Taking up Space

I am feeling determined.

On tumblr I see posts every day about how girls want to starve their beautiful precious bodies to look better or wear that crop top or those thigh high socks and it hurts me inside and it makes me angry and sad that we have a society where people destroying their bodies is so common.

Once upon a time I was a small girl with a big belly who felt sad because no boys would go for her and craved male attention. I got male attention, I got it all over my thighs and my bum and they laughed at me and called me a slut but still I felt unloved and unworthy of love.

I stopped looking, but when I stopped looking I found someone I really love and even that did not fix me, because humans do not fix each other, they fix themselves.

I stopped eating and my belly shrank flat and my ribs protruded and my mind broke. I am still scared, so scared, of going back to that place.

I grew bigger, back to a healthy weight, back to stretch marks and daily exercise and going to the gym. My weight cycled. It would have done that even if I hadn't been stressed and scared.

I am still scared, so scared, of slipping back every time that my mother mentions I need to lose weight or my friend posts that she's too fat. I still forget to eat.

But I am also furious. I am furious that anyone should have to destroy themselves in the name of beauty.

I am not a girl anymore. I am a woman with the agency and determination to tell bigoted beauty standards to fuck off. I will wear short sleeves and show off my scars. I will wear crop tops and show off my midriff. I will wear shorts and thigh high socks and show you legs that I built up to be beautiful and strong.

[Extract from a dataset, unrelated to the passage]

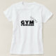 T-tröjan har en lekfull och kraftfull design, perfekt för dem som har en blandning av skicklighet och roligt. På framsidan står ord "Gym Princess" med fet stil, med snyggt, med en lätt gnistra som framkallar en känsla av kunglighet och styrka. Teckensnittet kan ha en blandning av skript och blockera stil, skapar det stå ut. Ovanför eller nedanför texten kan det finnas enkla illustrationer, som ett litet krona, en målarfärg eller till och med en barbell, där kreativet framhäver kombinationen av kondition och feminitet.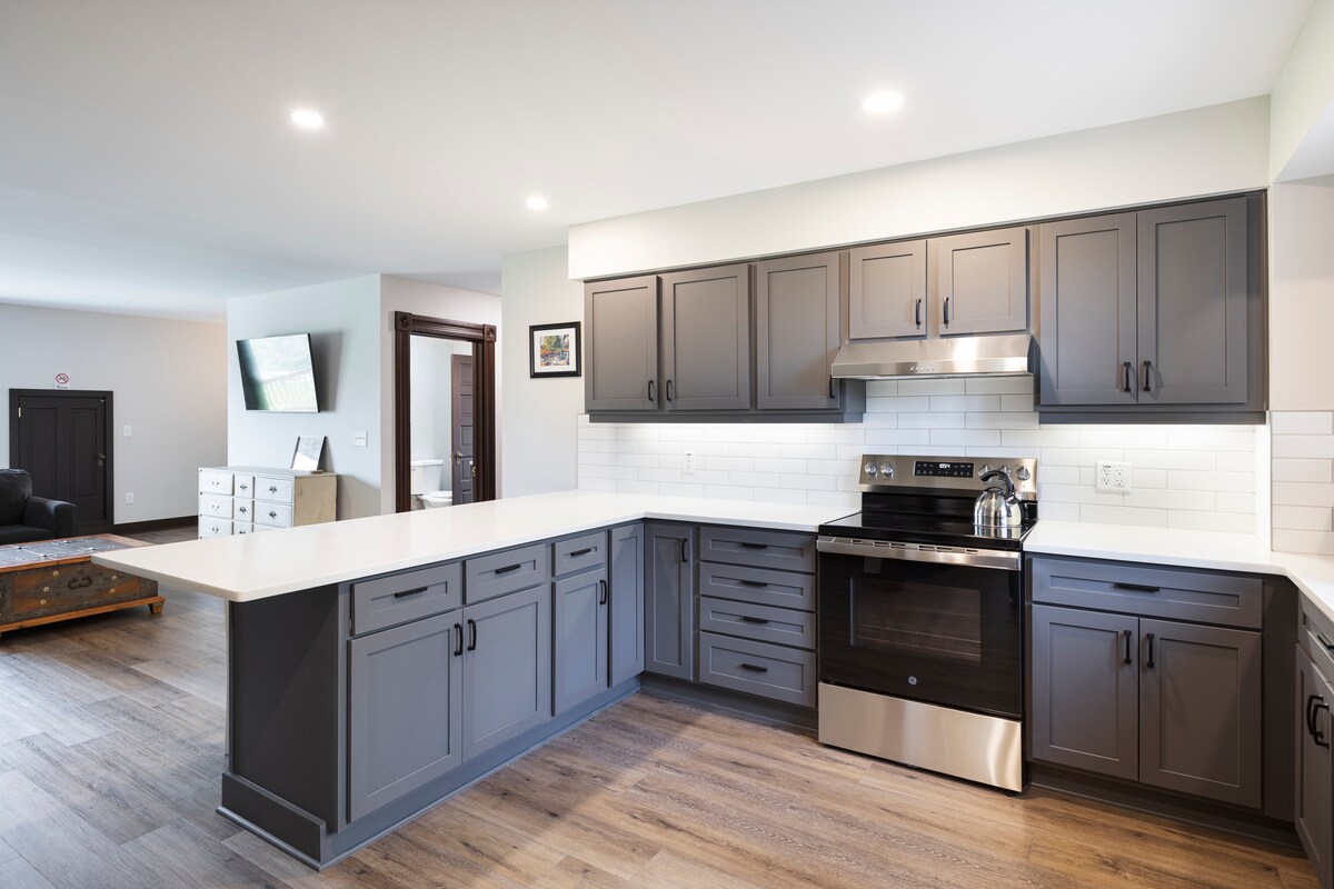 Nyd denne store nybyggede bolig i hjertet af Granville Village og en nem gåtur til Denison University og downtown Granville. Der er en privat indgang med kombinationslås, så du kan komme og gå, som du vil. Privat soveværelse med kingsize-seng; anden dobbeltseng med memory foam-madras i separat område. Parkering uden for gaden til din bil giver nem adgang til indgangen, gadeparkering til ekstra køretøj. Privat terrasse med bord og stole.

My belly still isn't flat and I'm coming to terms with that. I'm coming to terms with the knowledge that very few women, including very thin women, have flat bellies. It's not because we're all fat, it's because there are vital organs in there. My thighs are huge and I wouldn't change them for the world. They are huge because I walk everywhere, because I swim, because I cycle, because I run, because I dance. They are powerful, powerful enough to crush anyone's stupid beauty standards between them.

I can't be a tall, skinny, conventionally beautiful woman. But some people find me interesting and others find me sexy and that is enough.

When I stopped eating, I didn't want to drop a dress size or two dress sizes or 20 kg. I wanted to fade away into nothing. I didn't want to take up space.

But here I am, taking up that space. If you're inconvenienced by that, so what? I'm inconvenienced by feelings that I have to damage myself to take up less space.

I am going to wear crop tops and shorts and thigh high socks and take up as much space as I damn please. I might not look conventionally beautiful doing it, but when I've got interest and sheer ballsy petulance aplenty I'll make up for that.